After the children had been packed off home, those unencumbered by sprogs with bedtimes gathered round some bottles of wine and some cheese straws in the staffroom. They were still in costume. Brian Graham, who was the Wazir, was wearing burnt-cork whiskers, a long brocade waistcoat and something that might have been a Victorian smoking cap. Liz thought he looked more like Mr Mole than the Wazir of Baghdad. But then, she didn’t look much like a chief of detectives either.
The part does not figure prominently in the original story. It was created specially for her when she saw a rehearsal a couple of weeks ago and laughed herself silly. It was the funniest thing she’d seen since Donovan took her to a pub where folk music was perpetrated.

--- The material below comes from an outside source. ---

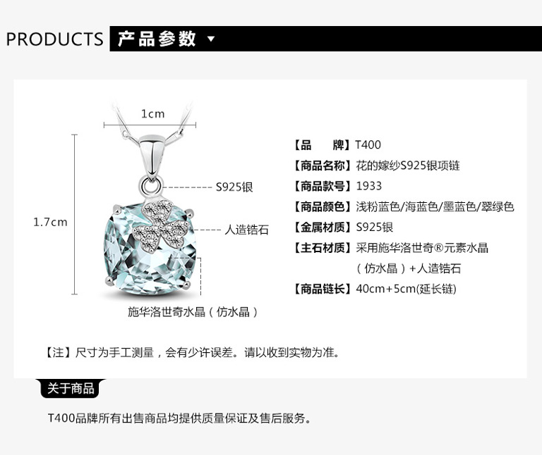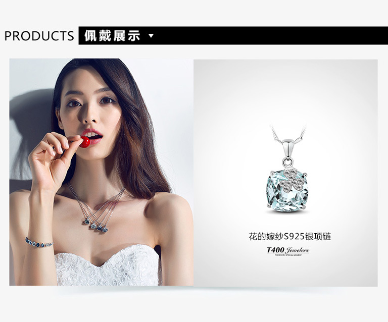 [畅销款特惠] 厄瓜多尔进口巨型彩色玫瑰+T400花的嫁纱S925银项链

She only came to admire the scenery – as head of the art department Brian had a dual contribution to make to the festivities. But by the time she’d hooted her way through a couple of scenes – comedy, love interest, the death of Ali Baba’s mother, the lot – it was generally agreed that she’d better be given a part to play since the alternative was probably having her in the audience.